Work item: Apart from the pictures, every line below is to be set down exactly.
--- Extracted records ---
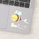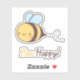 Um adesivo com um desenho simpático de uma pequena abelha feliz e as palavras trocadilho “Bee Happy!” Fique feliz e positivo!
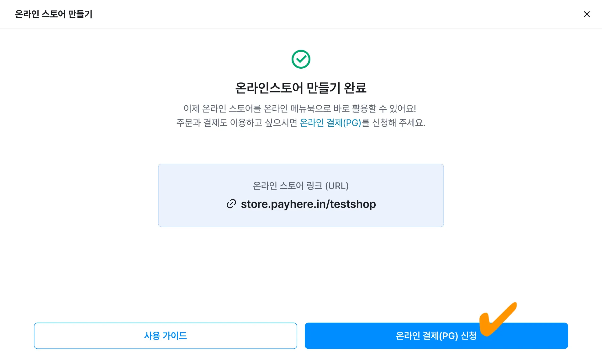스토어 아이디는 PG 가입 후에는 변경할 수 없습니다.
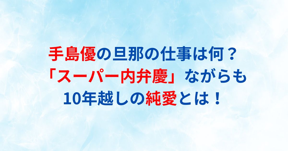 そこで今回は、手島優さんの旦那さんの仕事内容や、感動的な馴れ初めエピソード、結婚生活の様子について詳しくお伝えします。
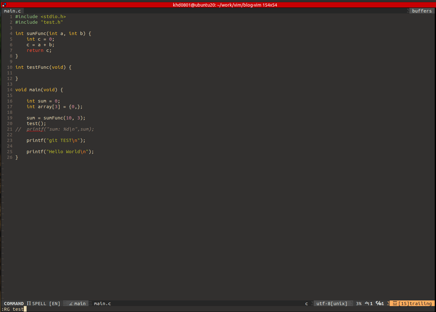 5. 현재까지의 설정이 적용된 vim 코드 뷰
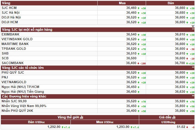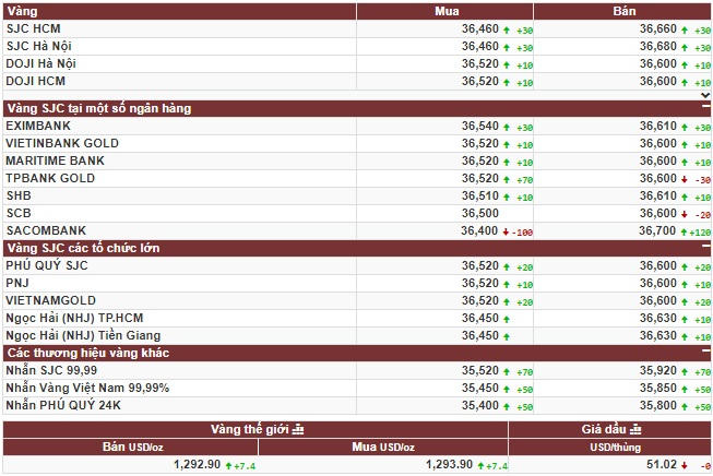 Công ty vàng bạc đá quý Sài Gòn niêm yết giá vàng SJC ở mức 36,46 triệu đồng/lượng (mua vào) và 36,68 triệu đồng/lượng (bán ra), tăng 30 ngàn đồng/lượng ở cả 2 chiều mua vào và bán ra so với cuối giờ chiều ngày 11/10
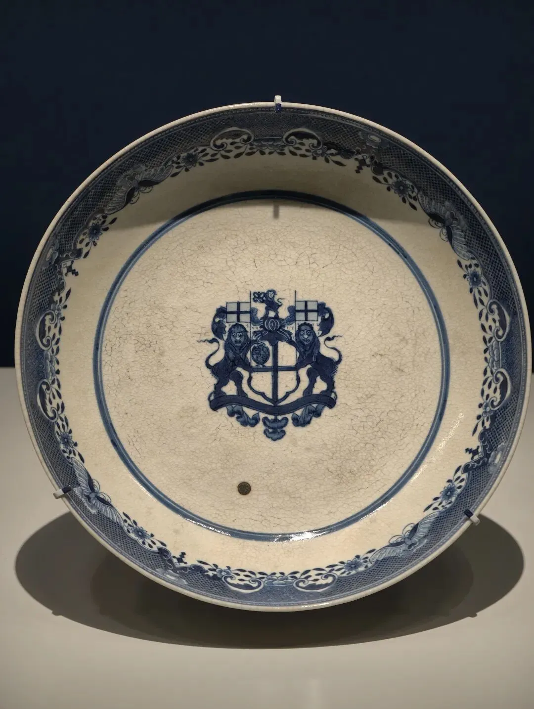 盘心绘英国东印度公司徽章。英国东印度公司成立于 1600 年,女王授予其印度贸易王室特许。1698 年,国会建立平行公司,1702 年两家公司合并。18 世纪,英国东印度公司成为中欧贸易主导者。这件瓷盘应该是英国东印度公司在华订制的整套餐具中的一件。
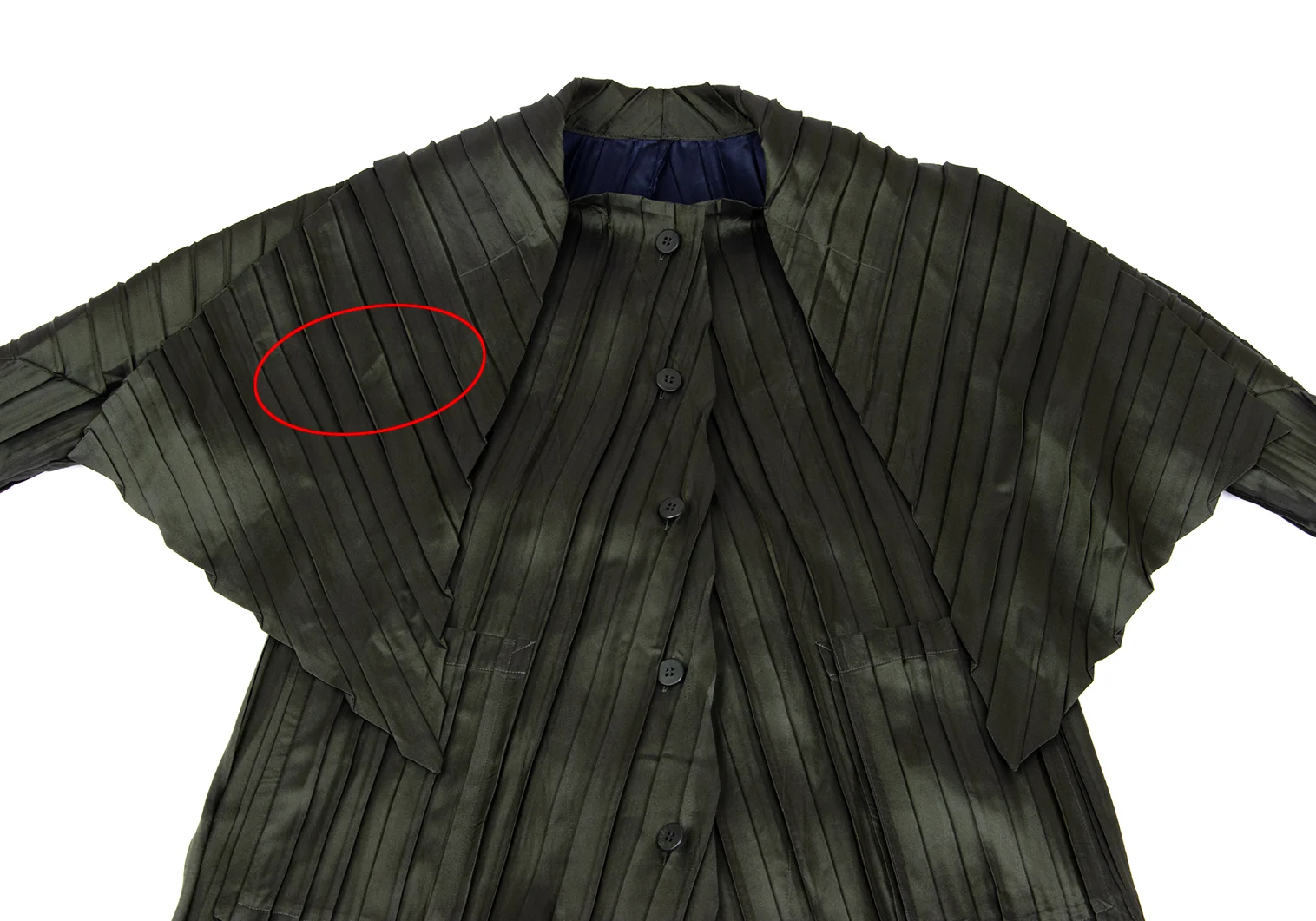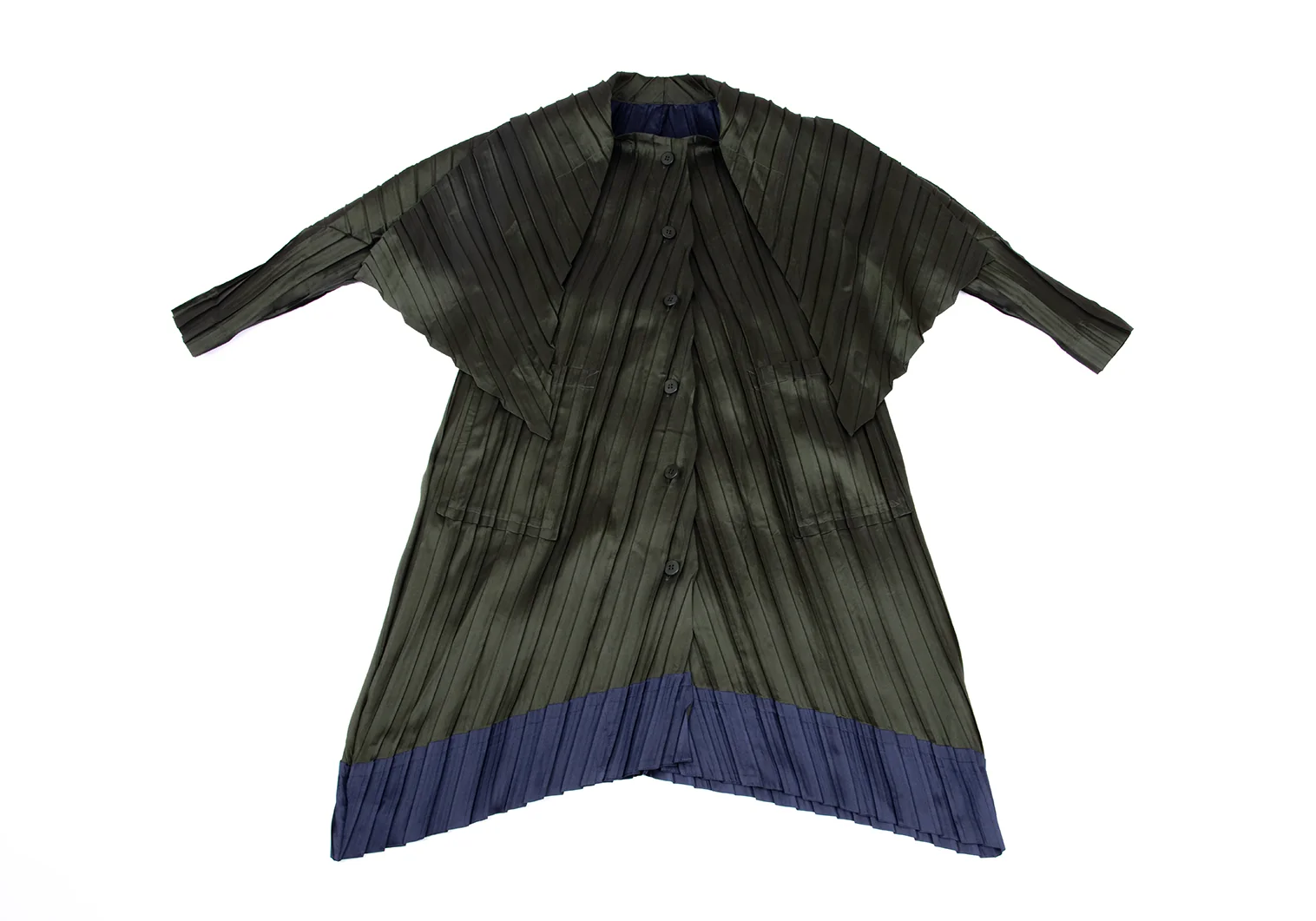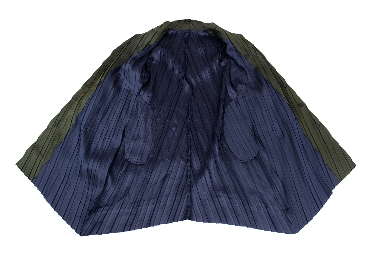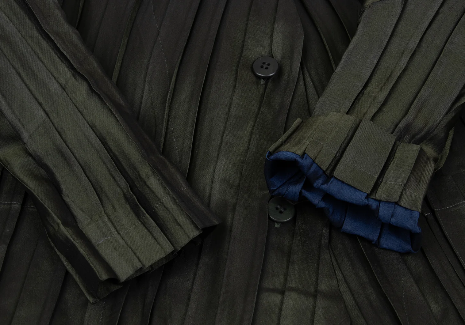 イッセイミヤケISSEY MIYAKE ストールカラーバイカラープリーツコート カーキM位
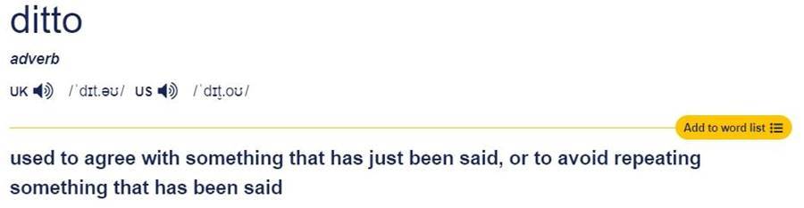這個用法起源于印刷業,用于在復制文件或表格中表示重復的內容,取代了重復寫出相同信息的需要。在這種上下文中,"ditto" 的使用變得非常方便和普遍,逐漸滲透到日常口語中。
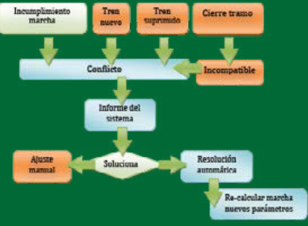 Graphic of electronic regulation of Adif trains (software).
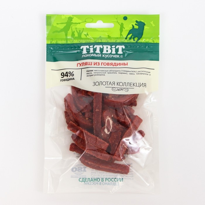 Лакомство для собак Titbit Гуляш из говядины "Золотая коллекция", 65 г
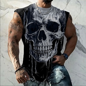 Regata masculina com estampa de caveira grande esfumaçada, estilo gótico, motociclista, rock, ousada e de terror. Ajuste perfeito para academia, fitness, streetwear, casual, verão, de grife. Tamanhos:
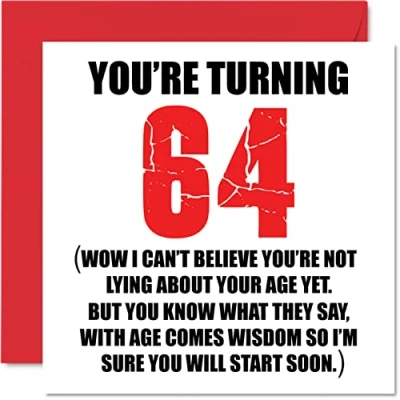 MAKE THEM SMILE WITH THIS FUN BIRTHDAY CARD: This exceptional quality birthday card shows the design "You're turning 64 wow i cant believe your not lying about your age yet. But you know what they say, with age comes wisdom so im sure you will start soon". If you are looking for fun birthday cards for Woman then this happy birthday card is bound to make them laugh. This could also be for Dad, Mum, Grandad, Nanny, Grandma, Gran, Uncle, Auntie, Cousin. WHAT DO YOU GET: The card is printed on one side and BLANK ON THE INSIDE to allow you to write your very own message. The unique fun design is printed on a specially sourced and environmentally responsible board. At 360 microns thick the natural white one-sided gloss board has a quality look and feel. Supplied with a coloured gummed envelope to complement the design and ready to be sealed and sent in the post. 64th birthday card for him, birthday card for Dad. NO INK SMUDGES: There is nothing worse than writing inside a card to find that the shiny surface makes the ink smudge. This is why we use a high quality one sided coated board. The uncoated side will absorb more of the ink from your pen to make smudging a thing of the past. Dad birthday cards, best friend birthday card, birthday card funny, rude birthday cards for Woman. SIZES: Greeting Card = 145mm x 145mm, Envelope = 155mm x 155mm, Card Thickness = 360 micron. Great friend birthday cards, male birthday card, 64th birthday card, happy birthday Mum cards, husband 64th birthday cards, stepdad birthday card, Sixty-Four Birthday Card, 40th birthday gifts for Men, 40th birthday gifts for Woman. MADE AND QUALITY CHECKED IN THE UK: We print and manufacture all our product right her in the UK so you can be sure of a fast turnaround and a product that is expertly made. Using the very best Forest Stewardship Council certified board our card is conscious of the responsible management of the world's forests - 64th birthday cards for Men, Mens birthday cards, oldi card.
---
Reply:
 Um adesivo com um desenho simpático de uma pequena abelha feliz e as palavras trocadilho “Bee Happy!” Fique feliz e positivo!
스토어 아이디는 PG 가입 후에는 변경할 수 없습니다.
 そこで今回は、手島優さんの旦那さんの仕事内容や、感動的な馴れ初めエピソード、結婚生活の様子について詳しくお伝えします。
 5. 현재까지의 설정이 적용된 vim 코드 뷰
 Công ty vàng bạc đá quý Sài Gòn niêm yết giá vàng SJC ở mức 36,46 triệu đồng/lượng (mua vào) và 36,68 triệu đồng/lượng (bán ra), tăng 30 ngàn đồng/lượng ở cả 2 chiều mua vào và bán ra so với cuối giờ chiều ngày 11/10
 盘心绘英国东印度公司徽章。英国东印度公司成立于 1600 年,女王授予其印度贸易王室特许。1698 年,国会建立平行公司,1702 年两家公司合并。18 世纪,英国东印度公司成为中欧贸易主导者。这件瓷盘应该是英国东印度公司在华订制的整套餐具中的一件。
 イッセイミヤケISSEY MIYAKE ストールカラーバイカラープリーツコート カーキM位
這個用法起源于印刷業,用于在復制文件或表格中表示重復的內容,取代了重復寫出相同信息的需要。在這種上下文中,"ditto" 的使用變得非常方便和普遍,逐漸滲透到日常口語中。
 Graphic of electronic regulation of Adif trains (software).
 Лакомство для собак Titbit Гуляш из говядины "Золотая коллекция", 65 г
 Regata masculina com estampa de caveira grande esfumaçada, estilo gótico, motociclista, rock, ousada e de terror. Ajuste perfeito para academia, fitness, streetwear, casual, verão, de grife. Tamanhos:
 MAKE THEM SMILE WITH THIS FUN BIRTHDAY CARD: This exceptional quality birthday card shows the design "You're turning 64 wow i cant believe your not lying about your age yet. But you know what they say, with age comes wisdom so im sure you will start soon". If you are looking for fun birthday cards for Woman then this happy birthday card is bound to make them laugh. This could also be for Dad, Mum, Grandad, Nanny, Grandma, Gran, Uncle, Auntie, Cousin. WHAT DO YOU GET: The card is printed on one side and BLANK ON THE INSIDE to allow you to write your very own message. The unique fun design is printed on a specially sourced and environmentally responsible board. At 360 microns thick the natural white one-sided gloss board has a quality look and feel. Supplied with a coloured gummed envelope to complement the design and ready to be sealed and sent in the post. 64th birthday card for him, birthday card for Dad. NO INK SMUDGES: There is nothing worse than writing inside a card to find that the shiny surface makes the ink smudge. This is why we use a high quality one sided coated board. The uncoated side will absorb more of the ink from your pen to make smudging a thing of the past. Dad birthday cards, best friend birthday card, birthday card funny, rude birthday cards for Woman. SIZES: Greeting Card = 145mm x 145mm, Envelope = 155mm x 155mm, Card Thickness = 360 micron. Great friend birthday cards, male birthday card, 64th birthday card, happy birthday Mum cards, husband 64th birthday cards, stepdad birthday card, Sixty-Four Birthday Card, 40th birthday gifts for Men, 40th birthday gifts for Woman. MADE AND QUALITY CHECKED IN THE UK: We print and manufacture all our product right her in the UK so you can be sure of a fast turnaround and a product that is expertly made. Using the very best Forest Stewardship Council certified board our card is conscious of the responsible management of the world's forests - 64th birthday cards for Men, Mens birthday cards, oldi card.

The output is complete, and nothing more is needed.